Source records
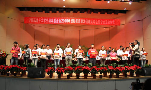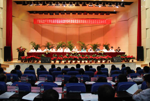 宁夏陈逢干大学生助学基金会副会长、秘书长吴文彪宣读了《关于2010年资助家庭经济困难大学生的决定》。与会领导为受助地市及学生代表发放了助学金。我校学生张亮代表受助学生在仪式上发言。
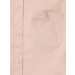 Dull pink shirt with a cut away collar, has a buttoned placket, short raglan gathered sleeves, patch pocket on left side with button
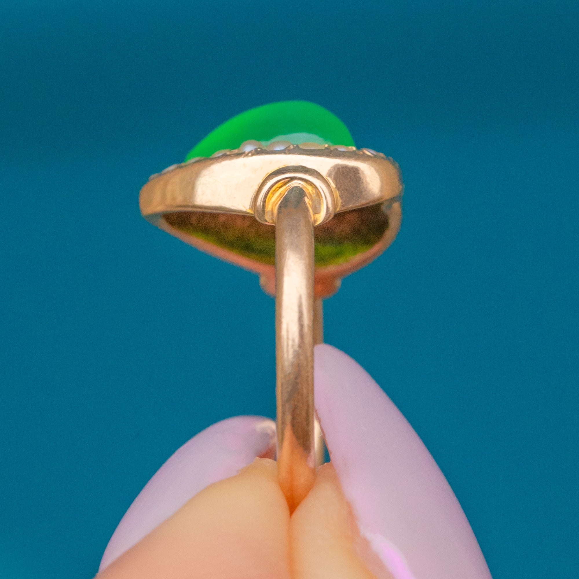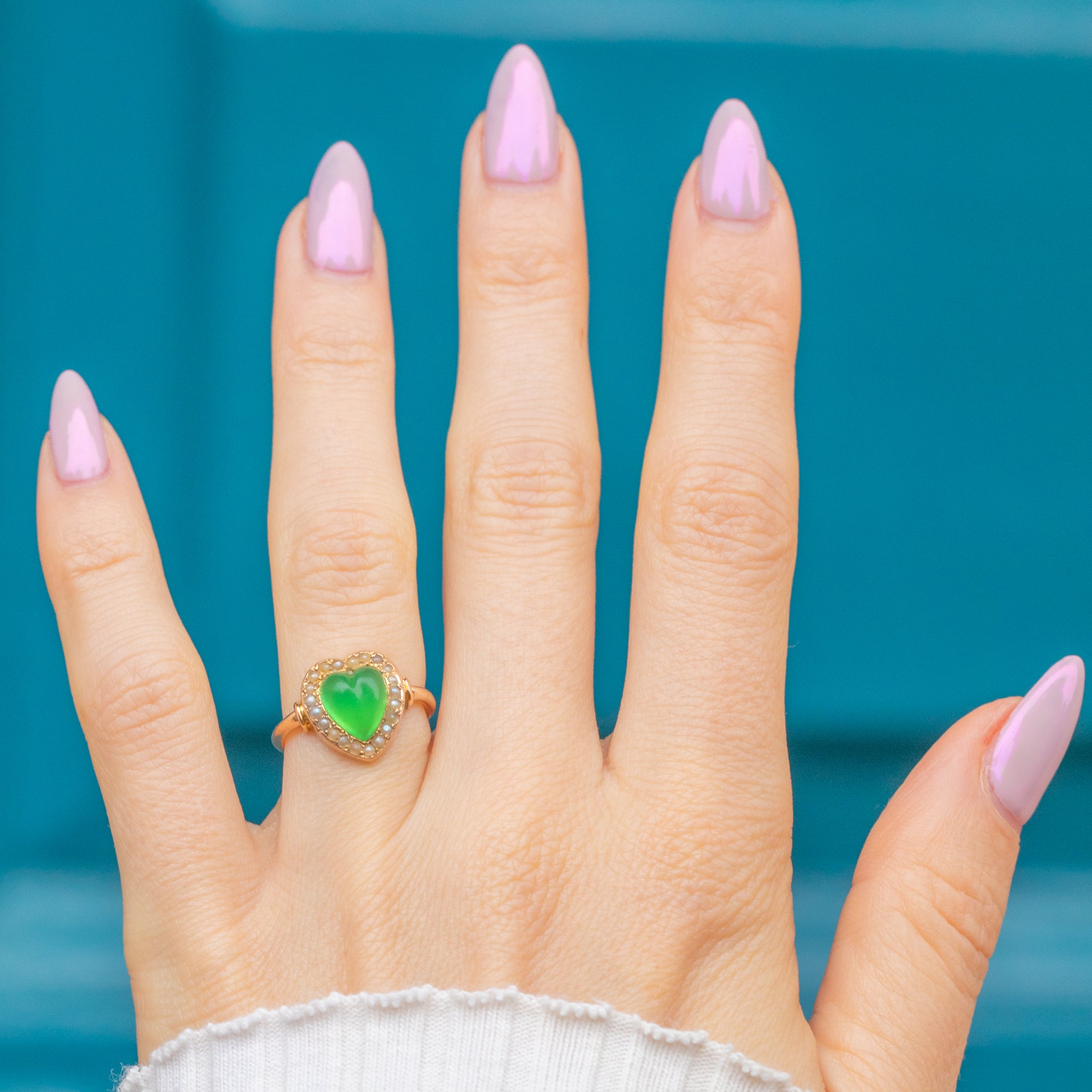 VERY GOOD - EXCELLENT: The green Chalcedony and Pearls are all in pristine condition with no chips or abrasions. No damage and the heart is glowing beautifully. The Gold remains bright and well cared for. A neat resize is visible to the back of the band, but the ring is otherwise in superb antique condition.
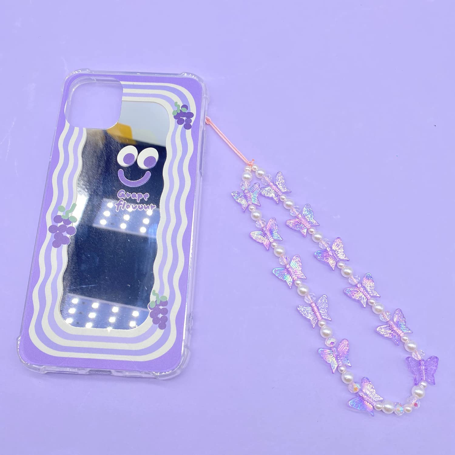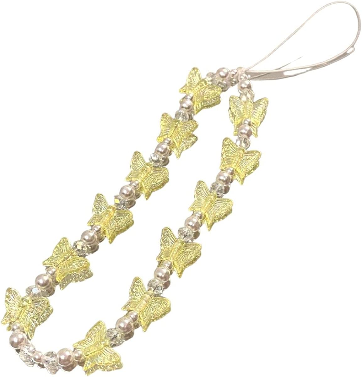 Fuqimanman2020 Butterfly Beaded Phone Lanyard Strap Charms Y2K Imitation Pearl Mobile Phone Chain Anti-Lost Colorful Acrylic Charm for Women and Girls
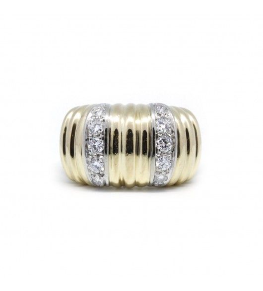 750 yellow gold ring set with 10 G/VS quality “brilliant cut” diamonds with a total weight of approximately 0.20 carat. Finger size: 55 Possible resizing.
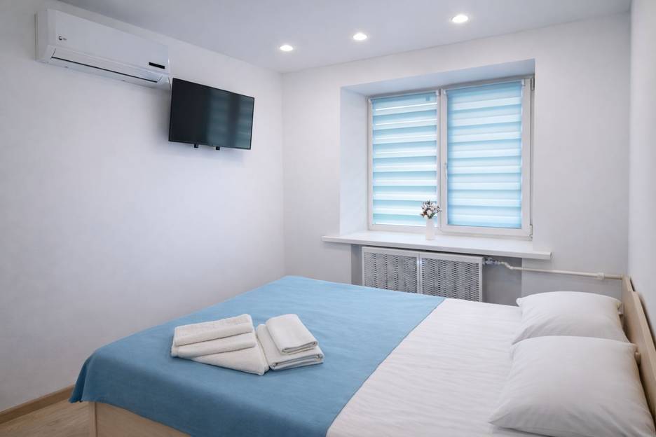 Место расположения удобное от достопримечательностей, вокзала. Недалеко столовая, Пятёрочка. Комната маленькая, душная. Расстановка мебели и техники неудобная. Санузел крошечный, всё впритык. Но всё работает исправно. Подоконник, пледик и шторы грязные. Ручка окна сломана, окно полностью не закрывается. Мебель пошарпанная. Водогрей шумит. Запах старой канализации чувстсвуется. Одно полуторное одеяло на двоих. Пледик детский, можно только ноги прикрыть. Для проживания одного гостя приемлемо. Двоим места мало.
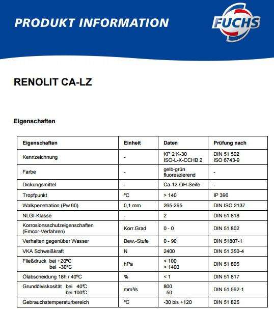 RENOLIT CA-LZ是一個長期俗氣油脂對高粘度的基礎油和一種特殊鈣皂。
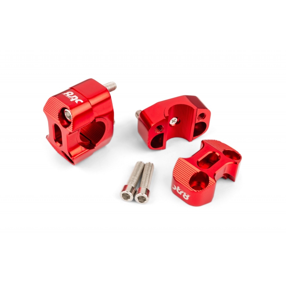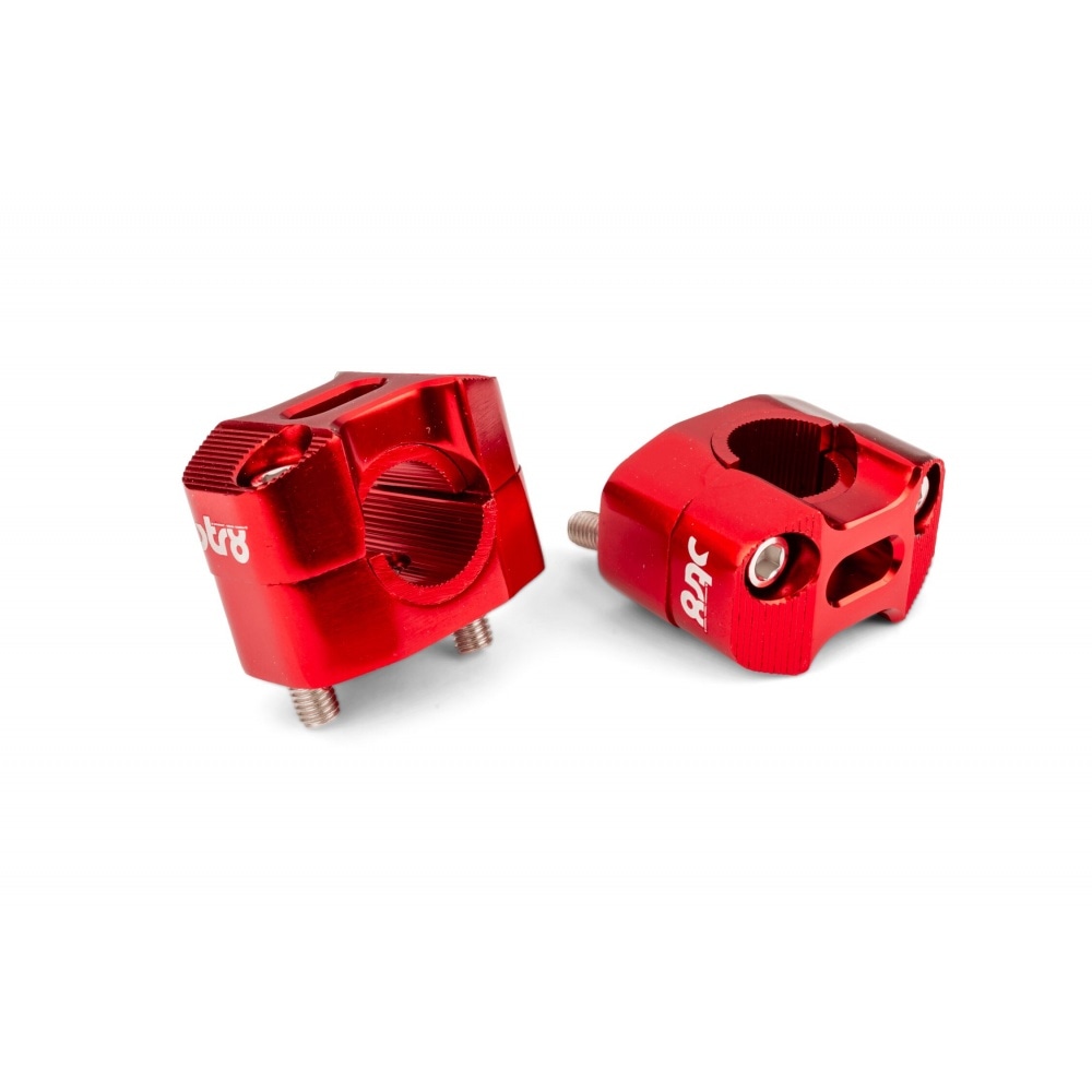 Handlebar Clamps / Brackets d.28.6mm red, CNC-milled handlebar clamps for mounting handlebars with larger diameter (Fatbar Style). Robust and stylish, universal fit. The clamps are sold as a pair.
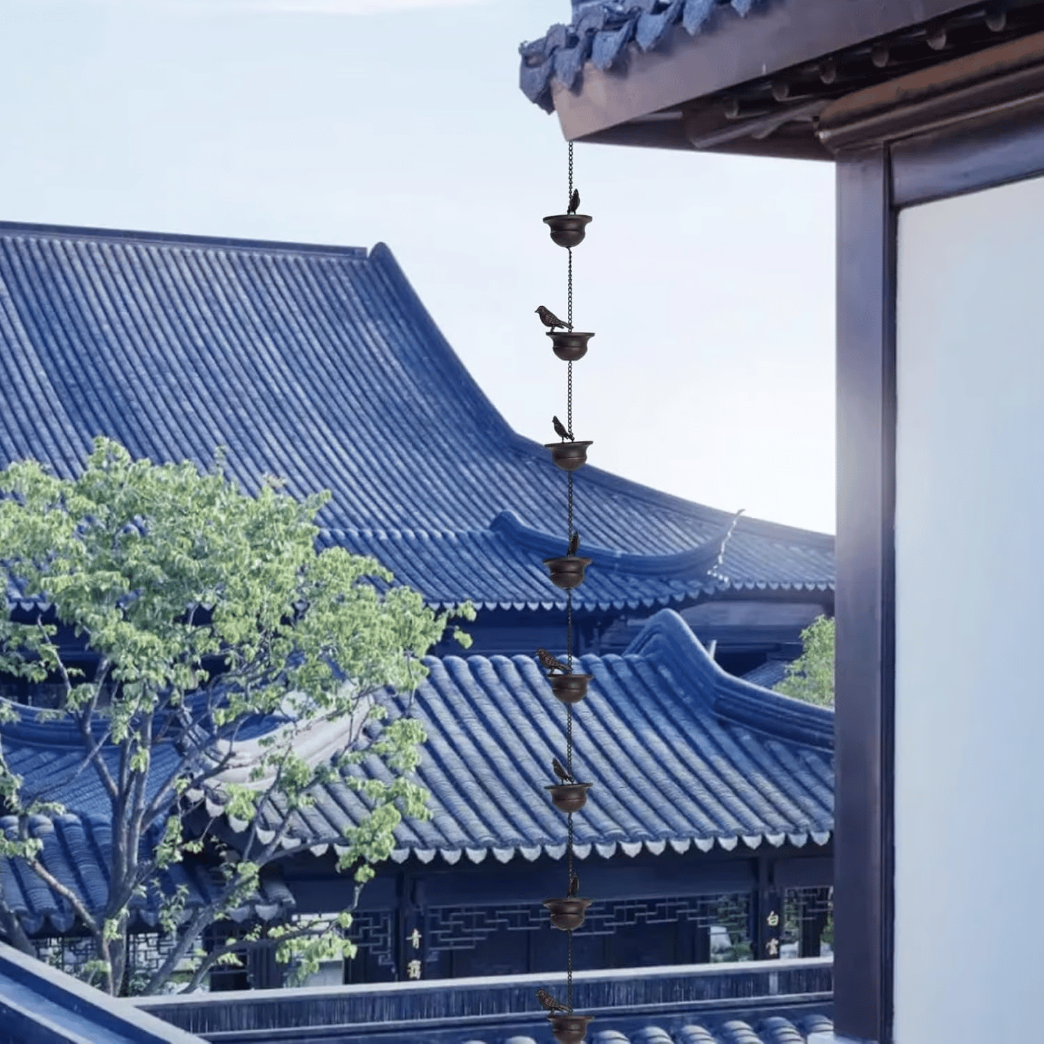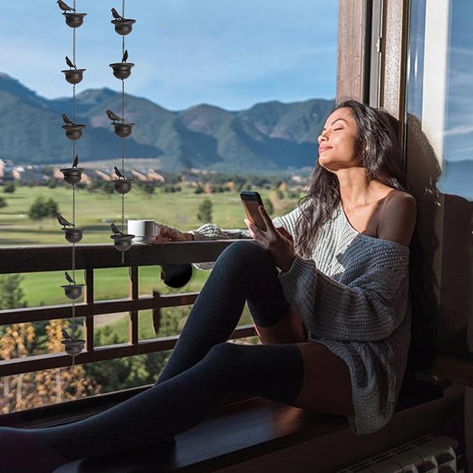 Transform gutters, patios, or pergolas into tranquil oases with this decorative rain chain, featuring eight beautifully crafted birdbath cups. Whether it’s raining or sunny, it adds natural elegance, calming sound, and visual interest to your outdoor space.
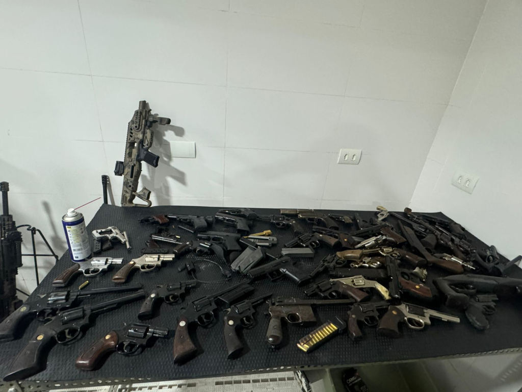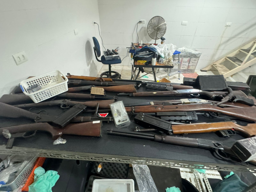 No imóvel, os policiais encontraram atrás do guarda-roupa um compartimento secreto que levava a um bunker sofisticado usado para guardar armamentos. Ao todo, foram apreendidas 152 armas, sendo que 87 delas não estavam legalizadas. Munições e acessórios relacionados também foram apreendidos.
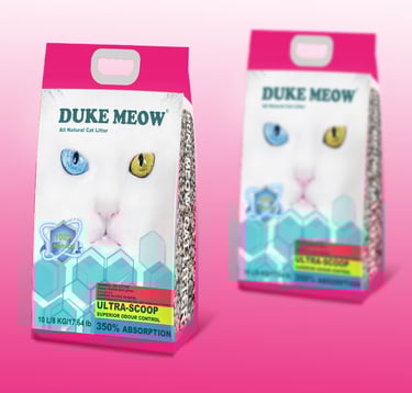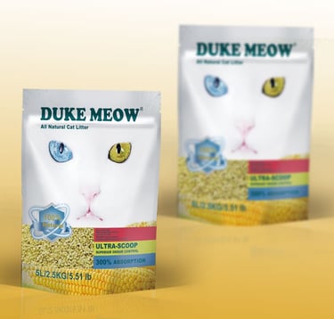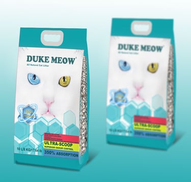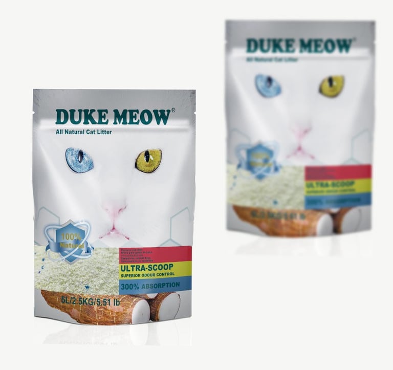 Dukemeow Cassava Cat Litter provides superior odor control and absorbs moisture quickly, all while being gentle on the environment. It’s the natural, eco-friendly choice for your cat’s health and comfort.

__WHAT THE EXERCISE ASKS__
Please quote exactly the run of lines that starts the entries and ends at the line containing "Dull pink shirt", leaving out every picture.

__ANSWER FOR THIS EXERCISE__
 宁夏陈逢干大学生助学基金会副会长、秘书长吴文彪宣读了《关于2010年资助家庭经济困难大学生的决定》。与会领导为受助地市及学生代表发放了助学金。我校学生张亮代表受助学生在仪式上发言。
 Dull pink shirt with a cut away collar, has a buttoned placket, short raglan gathered sleeves, patch pocket on left side with button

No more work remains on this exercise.